It includes useful genome and phylogenetic tree visualization methods for the bioinformatics field. More detailed documentation is available [here](https://Avatar-Cognition.github.io/pyCirclizely/).

![pyCirclizely_gallery.png](https://raw.githubusercontent.com/Avatar-Cognition/pyCirclizely/main/docs/images/pyCirclizely_gallery.png)\
**Fig.1 pyCirclizely example plot gallery**

## Installation

`Python 3.10 or later` is required for installation.

**Install PyPI package:**

```
pip install pycirclizely
```

**Install conda-forge package:**

```
conda install -c conda-forge pycirclizely
```

## API Usage

API usage is described in each of the following sections in the [documentation](https://Avatar-Cognition.github.io/pyCirclizely/).

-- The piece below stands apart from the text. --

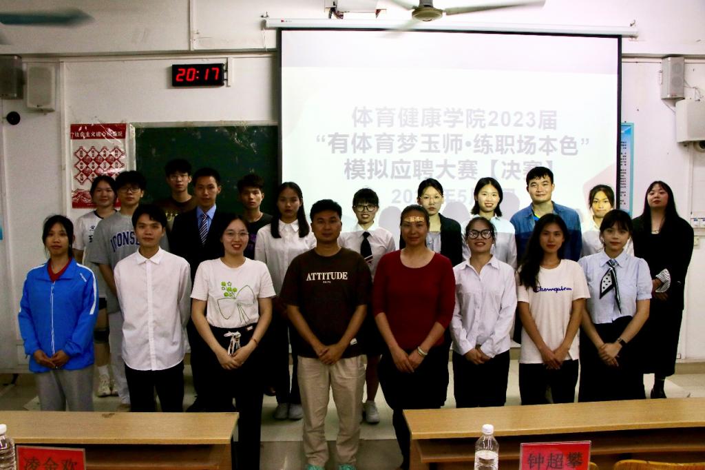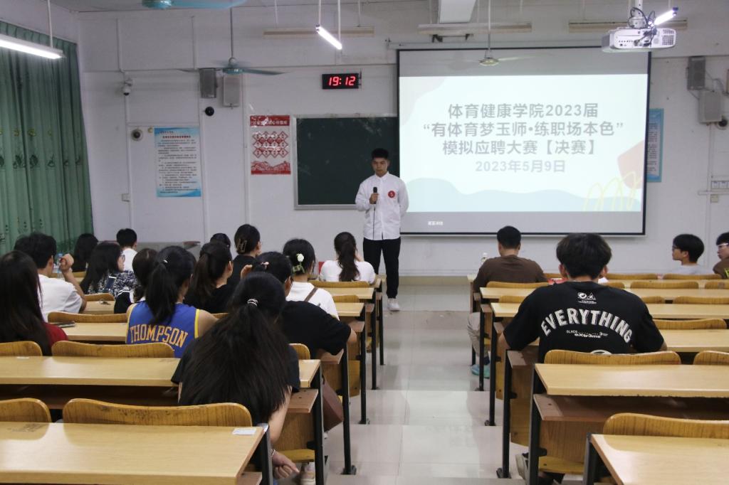 2023年5月9日,我院于我校东校区厚德楼2-207室召开“有体育梦玉师·练职场本色”模拟应聘决大赛(决赛)。参加本次大赛的有我院团委书记钟超攀老师,辅导员王燕、凌金欢,以及全部参赛选手。本次大赛由程家凛主持。
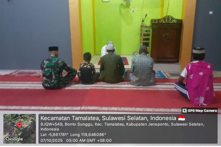 Jeneponto, Aliefmedia.co.id – Babinsa Koramil 03/Tamalatea Kodim 1425/Jeneponto, Serda Ramli, melaksanakan ibadah sholat Subuh berjamaah bersama masyarakat di Masjid Nurul Afsah Desa Bontosunggu, Kecamatan Tamalatea, Kabupaten Jeneponto. Selasa, 07 Oktober 2025.

- [Getting Started](https://Avatar-Cognition.github.io/pyCirclizely/getting_started/)
- [Plot API Example](https://Avatar-Cognition.github.io/pyCirclizely/plot_api_example/)
- [Chord Diagram](https://Avatar-Cognition.github.io/pyCirclizely/chord_diagram/)
- [Radar Chart](https://Avatar-Cognition.github.io/pyCirclizely/radar_chart/)
- [Circos Genomics Plot (Prokaryotes)](https://Avatar-Cognition.github.io/pyCirclizely/circos_plot_prok/)
- [Circos Genomics Plot (Eukaryotes)](https://Avatar-Cognition.github.io/pyCirclizely/circos_plot_euk/)
- [Comparative Genomics](https://Avatar-Cognition.github.io/pyCirclizely/comparative_genomics/)
- [Phylogenetic Tree](https://Avatar-Cognition.github.io/pyCirclizely/phylogenetic_tree/)
- [Plot Tips](https://Avatar-Cognition.github.io/pyCirclizely/plot_tips/)

## Code Example

### 1. Circos Plot

```python
from pycirclizely import Circos
import numpy as np
np.random.seed(0)

# Initialize Circos sectors
sectors = {"A": 10, "B": 15, "C": 12, "D": 20, "E": 15}
circos = Circos(sectors, space=5)

for sector in circos.sectors:
    # Plot sector name
    sector.text(f"Sector: {sector.name}", r=110, font=dict(size=15))
    # Create x positions & random y values
    x = np.arange(sector.start, sector.end) + 0.5
    y = np.random.randint(0, 100, len(x))
    # Plot lines
    track1 = sector.add_track((80, 100), r_pad_ratio=0.1)
    track1.xticks_by_interval(interval=1)
    track1.axis()
    track1.line(x, y)
    # Plot points 
    track2 = sector.add_track((55, 75), r_pad_ratio=0.1)
    track2.axis()
    track2.scatter(x, y)
    # Plot bars
    track3 = sector.add_track((30, 50), r_pad_ratio=0.1)
    track3.axis()
    track3.bar(x, y)

# Plot links 
circos.link(("A", 0, 3), ("B", 15, 12))
circos.link(("B", 0, 3), ("C", 7, 11), fillcolor="skyblue")
circos.link(("C", 2, 5), ("E", 15, 12), fillcolor="chocolate", direction=1)
circos.link(
    ("D", 3, 5), ("D", 18, 15), fillcolor="lime", 
    line=dict(color="black", width=0.5), direction=2,
)
circos.link(
    ("D", 8, 10), ("E", 2, 8), fillcolor="violet",
    line=dict(color="red", width=1.0, dash="dash"),
)

fig = circos.plotfig()
fig.write_image("example01.png", format="png")
```

![example01.png](https://raw.githubusercontent.com/Avatar-Cognition/pyCirclizely/main/docs/images/example01.png)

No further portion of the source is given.